- Assigned task
After finding "JBL FilterStart Bacterias" in a line below, print that line and the rest of the lines exactly, leaving out all pictures.

- Study material
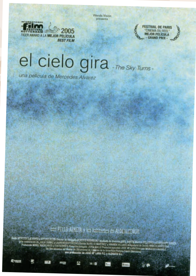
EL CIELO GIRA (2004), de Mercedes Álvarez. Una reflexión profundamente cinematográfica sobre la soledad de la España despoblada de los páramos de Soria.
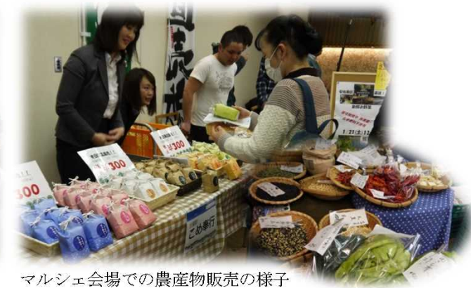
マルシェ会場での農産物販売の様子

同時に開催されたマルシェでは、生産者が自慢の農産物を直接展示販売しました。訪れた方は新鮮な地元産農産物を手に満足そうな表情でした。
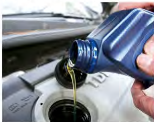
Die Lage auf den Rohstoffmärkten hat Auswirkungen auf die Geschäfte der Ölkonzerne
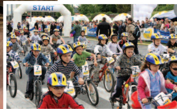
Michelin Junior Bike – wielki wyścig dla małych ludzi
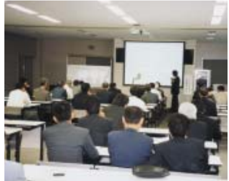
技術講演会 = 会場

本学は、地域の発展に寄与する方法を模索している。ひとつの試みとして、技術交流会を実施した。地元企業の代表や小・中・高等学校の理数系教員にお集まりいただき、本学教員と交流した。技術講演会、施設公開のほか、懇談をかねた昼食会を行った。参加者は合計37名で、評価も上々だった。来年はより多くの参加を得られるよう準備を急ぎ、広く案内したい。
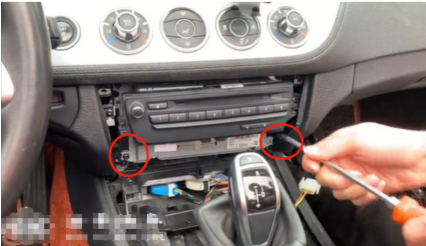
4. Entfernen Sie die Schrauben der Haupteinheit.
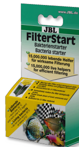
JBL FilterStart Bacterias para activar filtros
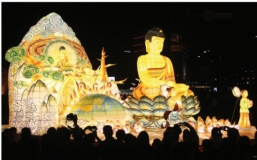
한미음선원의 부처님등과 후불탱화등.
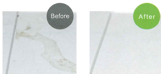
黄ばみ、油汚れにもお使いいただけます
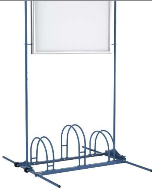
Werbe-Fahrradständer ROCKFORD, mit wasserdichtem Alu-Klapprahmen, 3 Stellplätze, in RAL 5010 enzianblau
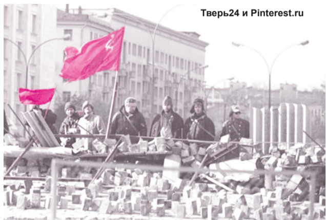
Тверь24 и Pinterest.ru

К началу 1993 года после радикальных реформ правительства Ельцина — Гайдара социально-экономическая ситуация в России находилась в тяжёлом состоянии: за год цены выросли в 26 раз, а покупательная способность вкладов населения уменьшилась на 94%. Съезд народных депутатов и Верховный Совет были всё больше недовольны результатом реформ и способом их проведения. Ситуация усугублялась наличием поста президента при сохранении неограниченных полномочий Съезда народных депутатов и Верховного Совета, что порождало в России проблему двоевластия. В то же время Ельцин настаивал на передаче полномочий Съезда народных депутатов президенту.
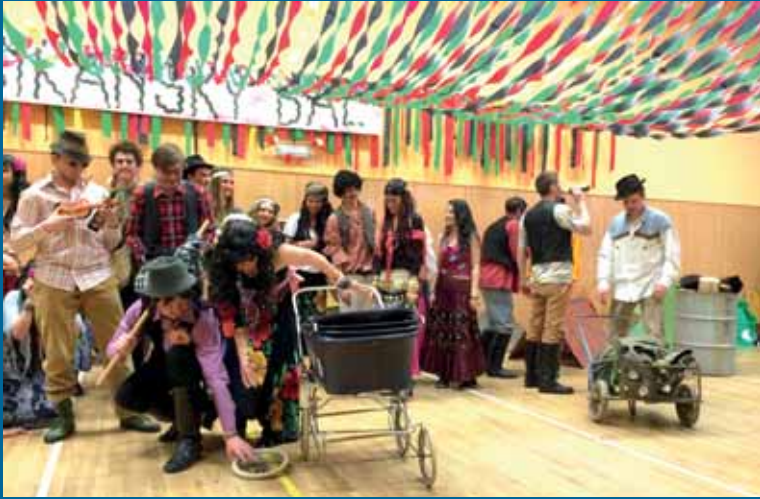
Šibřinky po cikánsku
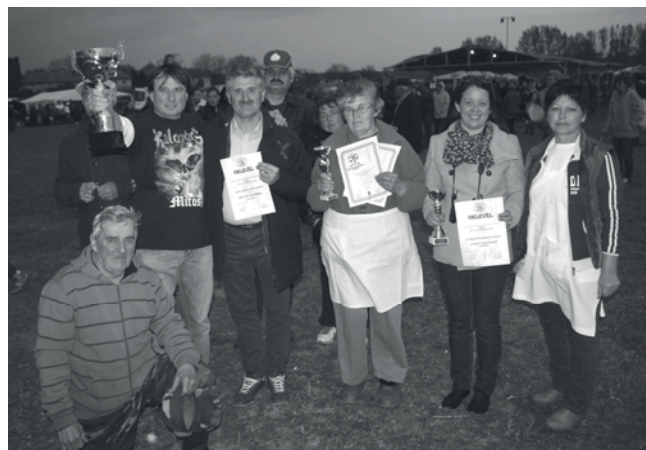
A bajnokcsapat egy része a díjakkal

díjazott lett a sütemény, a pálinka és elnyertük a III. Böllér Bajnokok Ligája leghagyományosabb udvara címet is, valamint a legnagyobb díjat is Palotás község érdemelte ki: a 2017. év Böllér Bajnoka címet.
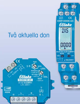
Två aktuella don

- Result
JBL FilterStart Bacterias para activar filtros
한미음선원의 부처님등과 후불탱화등.
黄ばみ、油汚れにもお使いいただけます
Werbe-Fahrradständer ROCKFORD, mit wasserdichtem Alu-Klapprahmen, 3 Stellplätze, in RAL 5010 enzianblau
Тверь24 и Pinterest.ru

К началу 1993 года после радикальных реформ правительства Ельцина — Гайдара социально-экономическая ситуация в России находилась в тяжёлом состоянии: за год цены выросли в 26 раз, а покупательная способность вкладов населения уменьшилась на 94%. Съезд народных депутатов и Верховный Совет были всё больше недовольны результатом реформ и способом их проведения. Ситуация усугублялась наличием поста президента при сохранении неограниченных полномочий Съезда народных депутатов и Верховного Совета, что порождало в России проблему двоевластия. В то же время Ельцин настаивал на передаче полномочий Съезда народных депутатов президенту.
Šibřinky po cikánsku
A bajnokcsapat egy része a díjakkal

díjazott lett a sütemény, a pálinka és elnyertük a III. Böllér Bajnokok Ligája leghagyományosabb udvara címet is, valamint a legnagyobb díjat is Palotás község érdemelte ki: a 2017. év Böllér Bajnoka címet.
Två aktuella don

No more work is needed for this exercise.